> DATA:
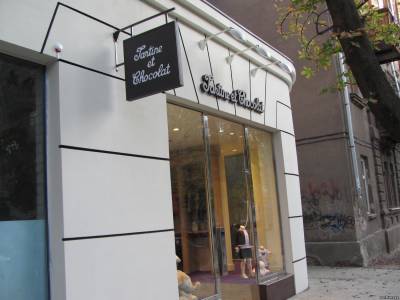 Внешнее оформление бутика французской моды (вывеска, световой панель-кронштейн)
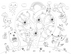 Многоразовый коврик-раскраска станет любимой игрушкой ребенка. На коврике уже нанесены контуры изображения: сказочное дерево и забавные обитатели леса. Ребенок сможет закрасить участки картинки разными цветами и создать красочное полотно. На коврике можно рисовать сколько угодно! Краски отмываются влажной губкой, и коврик снова готов к раскрашиванию. Его можно использовать многократно, и он будет долго радовать ребенка.
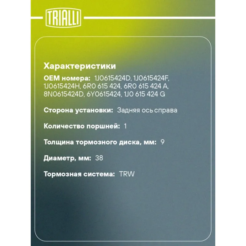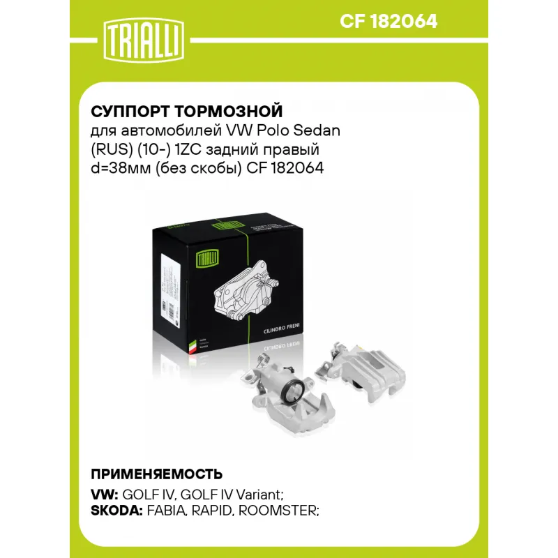 Суппорт тормозной для автомобилей VW Polo Sedan (RUS) (10-) 1ZC задний правый d=38мм (без скобы) Характеристики: Артикул: CF 182064 OEM номера: 1J0615424D, 1J0615424F, 1J0615424H, 6R0 615 424, 6R0 615 424 A, 8N0615424D, 6Y0615424, 1J0 615 424 G Сопутствующий товар: Ремкомплект суппорта: RCF 182063 Сопутствующий товар: Поршень суппорта: RCF 182064 Сопутствующий товар: Скоба суппорта: CF 190617 Сопутствующий товар: Суппорт тормозной: CF 182063 Парный товар: CF 182063 Количество на автомобиль: 1 Диаметр, мм: 38 Количество поршней: 1 Гарантийный срок: 2 года / 60 000 км Толщина тормозного диска, мм: 9 Тормозная система: TRW Сторона установки: Задняя ось справа Товарная линейка: BLACK Комплектация: Скоба дискового тормозного механизма (суппорт тормозной без направляющей колодок) - 1 шт Гарантия: от 1 года.
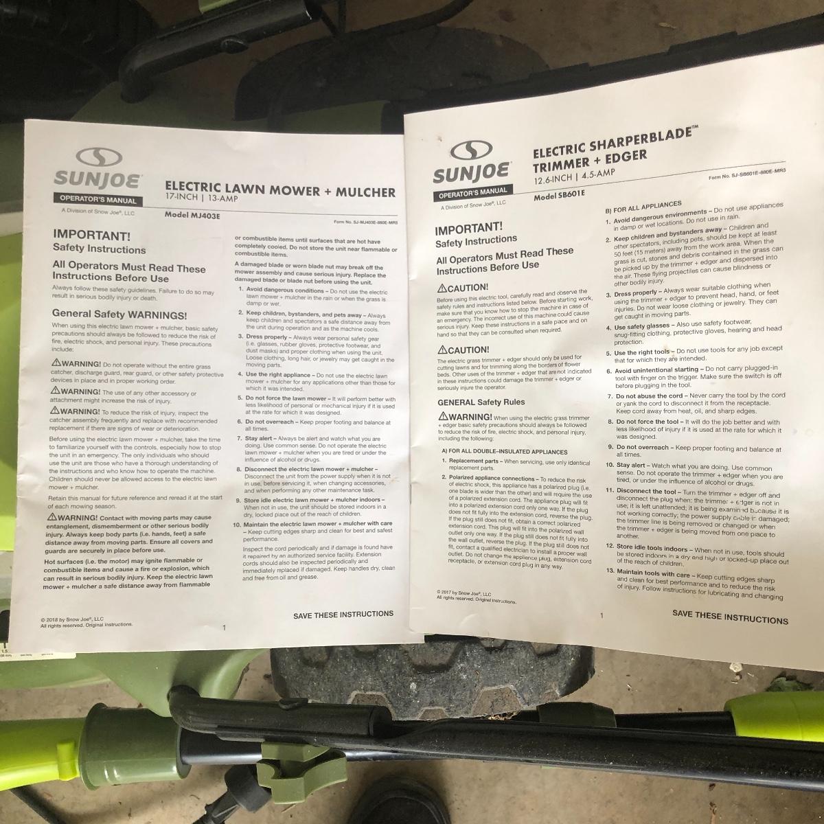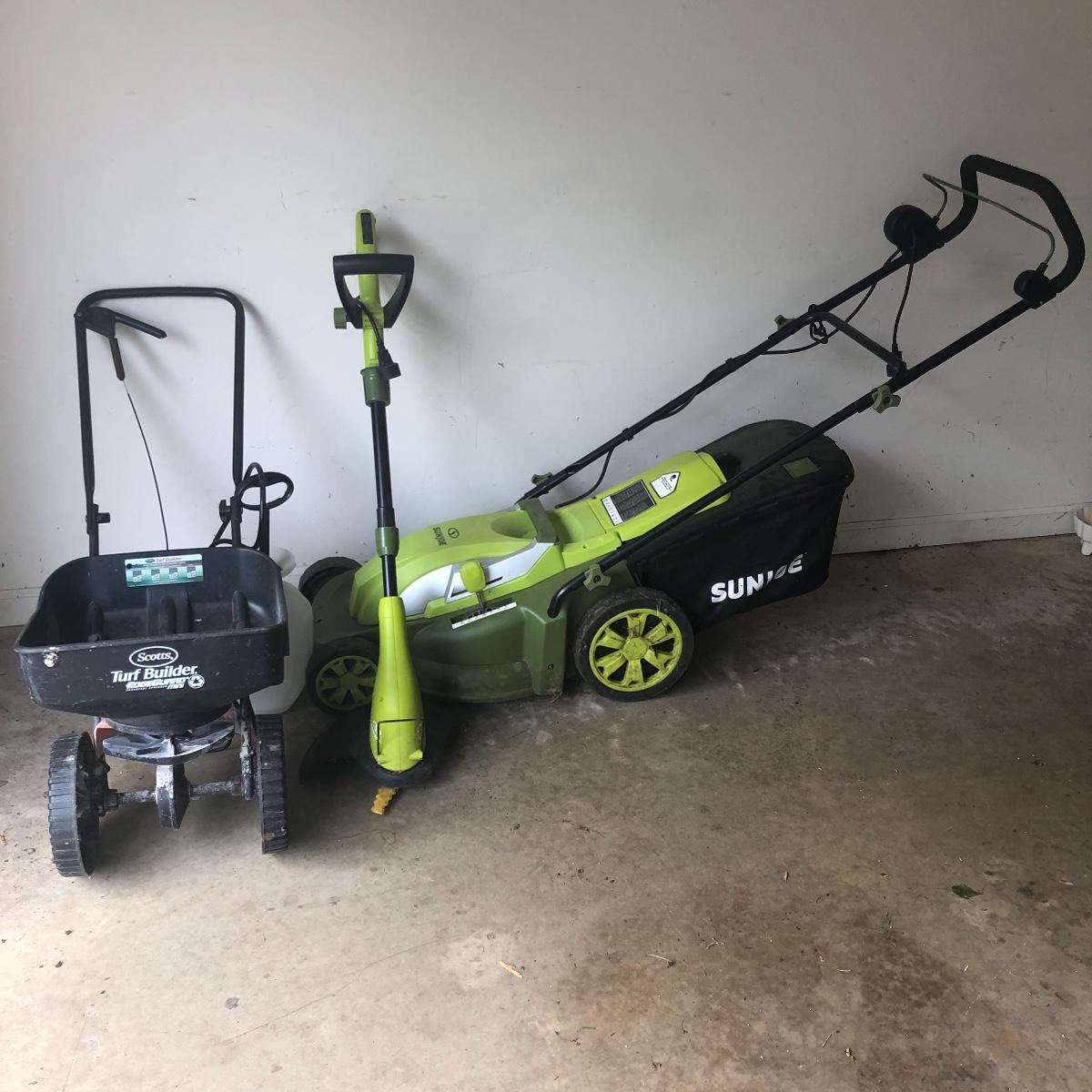 Keep your lawn neat and tidy with this selection of equipment. Lot includes Sunjoe electric mower and trimmer, Scott’s spreader and a one gallon sprayer. Mower, trimmer and spreader worked when tested, sprayer was not tested.
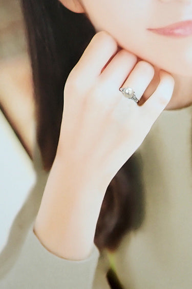 コメント タサキの、艶やかなアコヤパールにメレダイヤモンドを添えた、スタンダードなデザインのリングです。シンプルで洗練された上品さのただようお品です。
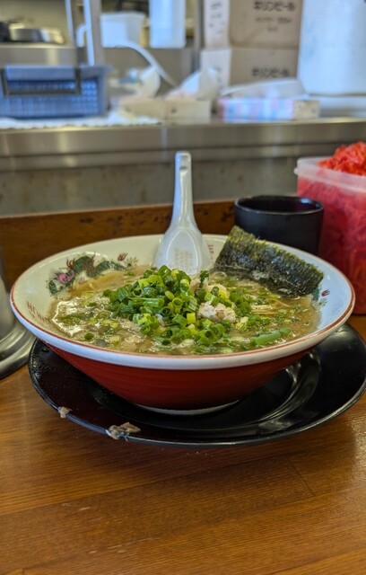 一番ノーマルでシンプルなラーメンで、乳茶色のスープに海苔と青ネギ、それに肉っぽい何かが載っています。お久しぶり。
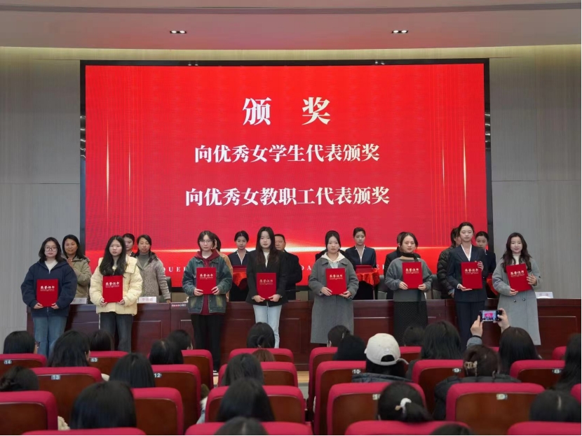江仁朝宣读了学校关于表扬李丹等49名优秀女教职工和雷琳琳等326名优秀女大学生的文件。他代表学校党政向全校女教职工和女同学们致以节日的问候,向获得表扬的师生表示衷心的祝贺。获得表扬的优秀女教职工、优秀女大学生代表在热烈的掌声中精神抖擞地从与会领导手中接过荣誉证书,领取属于自己的荣誉。
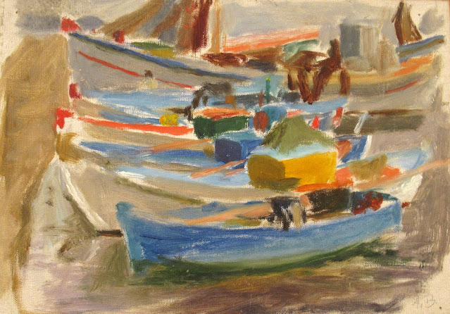 Aegina, Pier and Boats, 1988, (oil on canvas)
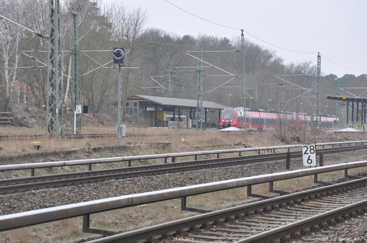 | Auswanderer Bf Ruhleben | 18,29 | km 10,90 der Strecke Berlin Lehrter Bf 0,0 - Stendal 105,11 - Oebisfelde 167,34 - Lehrte 239,39 | |
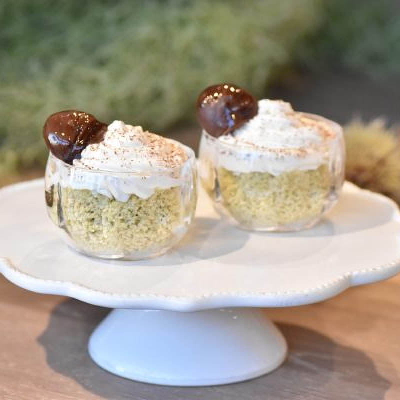 マロンムース、熊本県産利平栗のペーストに2種のチョコ生地(ガトーショコラ・チョコスポンジ)を合わせたミニパフェ。
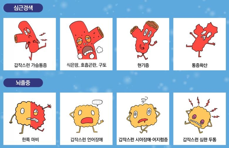 갑작스런 가슴통증이 30분 이상 지속되거나 호흡곤란과 식은땀, 구토, 현기증 등이 나타날 때는 심근경색을 의심해야 한다. 뇌졸중은 한쪽 마비, 갑작스런 언어 및 시각장애, 어지럼증, 심한 두통 등이 초기증상으로 주의를 기울여야 한다.
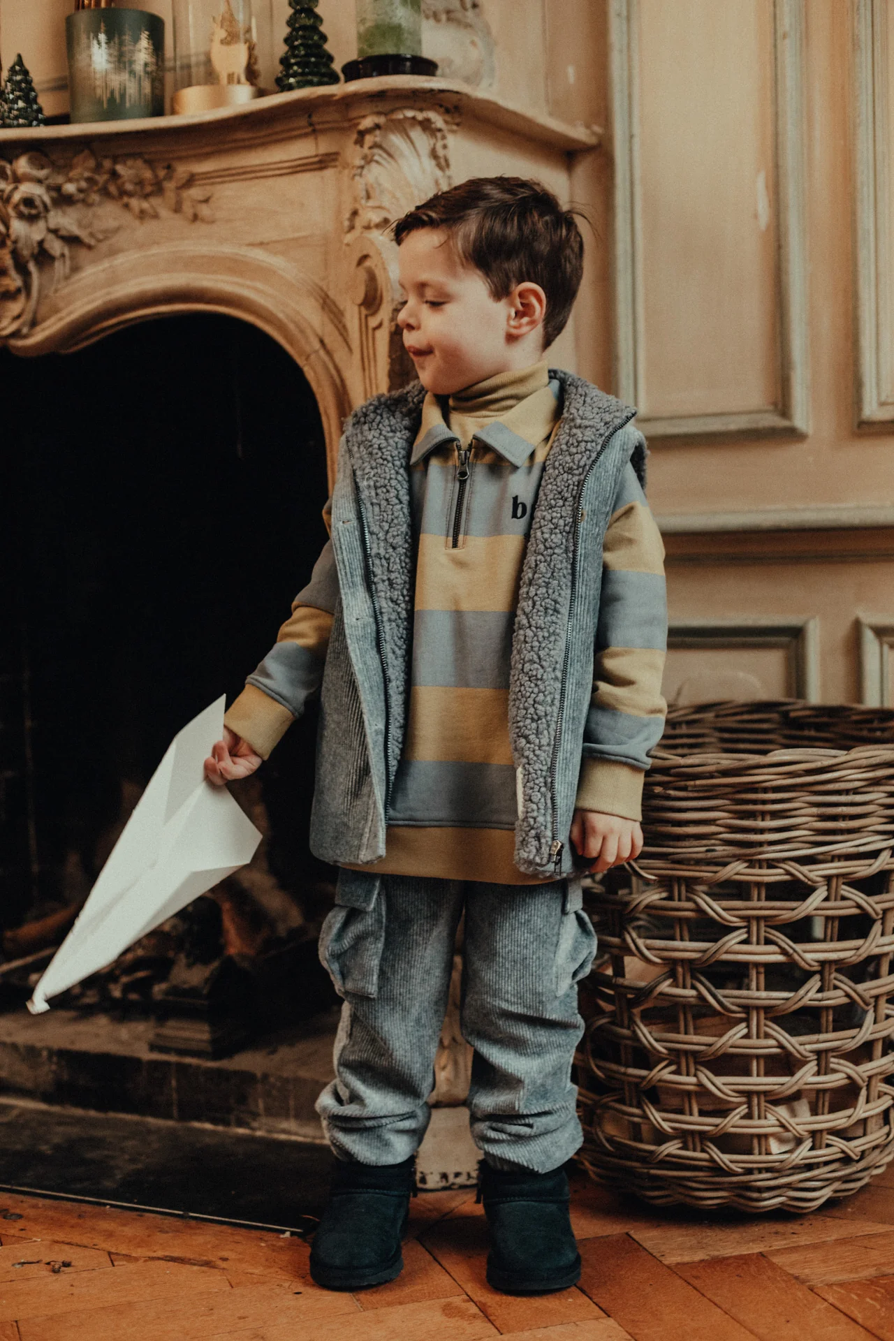 De Wez rib cargo broek van Baje Studio is een comfortabele en stoere keuze voor jongens die graag spelen en bewegen. Het zachte ribmateriaal voelt warm en flexibel aan, terwijl de cargo zakken een trendy en speelse uitstraling geven.
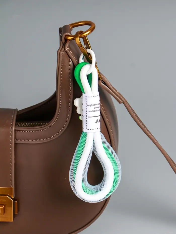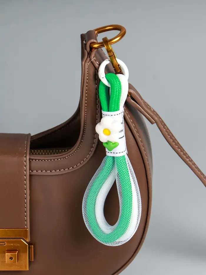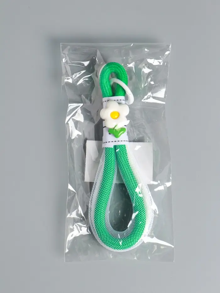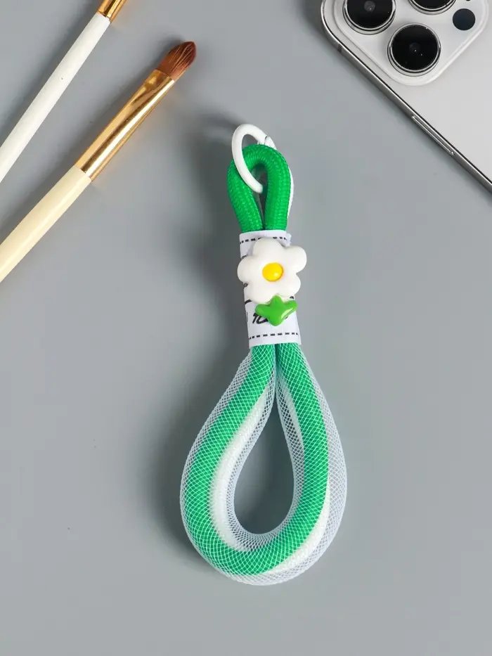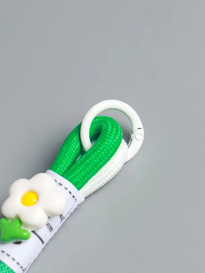 Брелок на карабине "Цветок. Шнур-сетка" двойной шнур 0,7 см бело-зелёный 14,5х2х1,7 см

> PROBLEM DETAILS: An exact reproduction of the material is needed, without its images.

> SOLUTION TO THIS EXERCISE:
 Внешнее оформление бутика французской моды (вывеска, световой панель-кронштейн)
 Многоразовый коврик-раскраска станет любимой игрушкой ребенка. На коврике уже нанесены контуры изображения: сказочное дерево и забавные обитатели леса. Ребенок сможет закрасить участки картинки разными цветами и создать красочное полотно. На коврике можно рисовать сколько угодно! Краски отмываются влажной губкой, и коврик снова готов к раскрашиванию. Его можно использовать многократно, и он будет долго радовать ребенка.
 Суппорт тормозной для автомобилей VW Polo Sedan (RUS) (10-) 1ZC задний правый d=38мм (без скобы) Характеристики: Артикул: CF 182064 OEM номера: 1J0615424D, 1J0615424F, 1J0615424H, 6R0 615 424, 6R0 615 424 A, 8N0615424D, 6Y0615424, 1J0 615 424 G Сопутствующий товар: Ремкомплект суппорта: RCF 182063 Сопутствующий товар: Поршень суппорта: RCF 182064 Сопутствующий товар: Скоба суппорта: CF 190617 Сопутствующий товар: Суппорт тормозной: CF 182063 Парный товар: CF 182063 Количество на автомобиль: 1 Диаметр, мм: 38 Количество поршней: 1 Гарантийный срок: 2 года / 60 000 км Толщина тормозного диска, мм: 9 Тормозная система: TRW Сторона установки: Задняя ось справа Товарная линейка: BLACK Комплектация: Скоба дискового тормозного механизма (суппорт тормозной без направляющей колодок) - 1 шт Гарантия: от 1 года.
 Keep your lawn neat and tidy with this selection of equipment. Lot includes Sunjoe electric mower and trimmer, Scott’s spreader and a one gallon sprayer. Mower, trimmer and spreader worked when tested, sprayer was not tested.
 コメント タサキの、艶やかなアコヤパールにメレダイヤモンドを添えた、スタンダードなデザインのリングです。シンプルで洗練された上品さのただようお品です。
 一番ノーマルでシンプルなラーメンで、乳茶色のスープに海苔と青ネギ、それに肉っぽい何かが載っています。お久しぶり。
江仁朝宣读了学校关于表扬李丹等49名优秀女教职工和雷琳琳等326名优秀女大学生的文件。他代表学校党政向全校女教职工和女同学们致以节日的问候,向获得表扬的师生表示衷心的祝贺。获得表扬的优秀女教职工、优秀女大学生代表在热烈的掌声中精神抖擞地从与会领导手中接过荣誉证书,领取属于自己的荣誉。
 Aegina, Pier and Boats, 1988, (oil on canvas)
 | Auswanderer Bf Ruhleben | 18,29 | km 10,90 der Strecke Berlin Lehrter Bf 0,0 - Stendal 105,11 - Oebisfelde 167,34 - Lehrte 239,39 | |
 マロンムース、熊本県産利平栗のペーストに2種のチョコ生地(ガトーショコラ・チョコスポンジ)を合わせたミニパフェ。
 갑작스런 가슴통증이 30분 이상 지속되거나 호흡곤란과 식은땀, 구토, 현기증 등이 나타날 때는 심근경색을 의심해야 한다. 뇌졸중은 한쪽 마비, 갑작스런 언어 및 시각장애, 어지럼증, 심한 두통 등이 초기증상으로 주의를 기울여야 한다.
 De Wez rib cargo broek van Baje Studio is een comfortabele en stoere keuze voor jongens die graag spelen en bewegen. Het zachte ribmateriaal voelt warm en flexibel aan, terwijl de cargo zakken een trendy en speelse uitstraling geven.
 Брелок на карабине "Цветок. Шнур-сетка" двойной шнур 0,7 см бело-зелёный 14,5х2х1,7 см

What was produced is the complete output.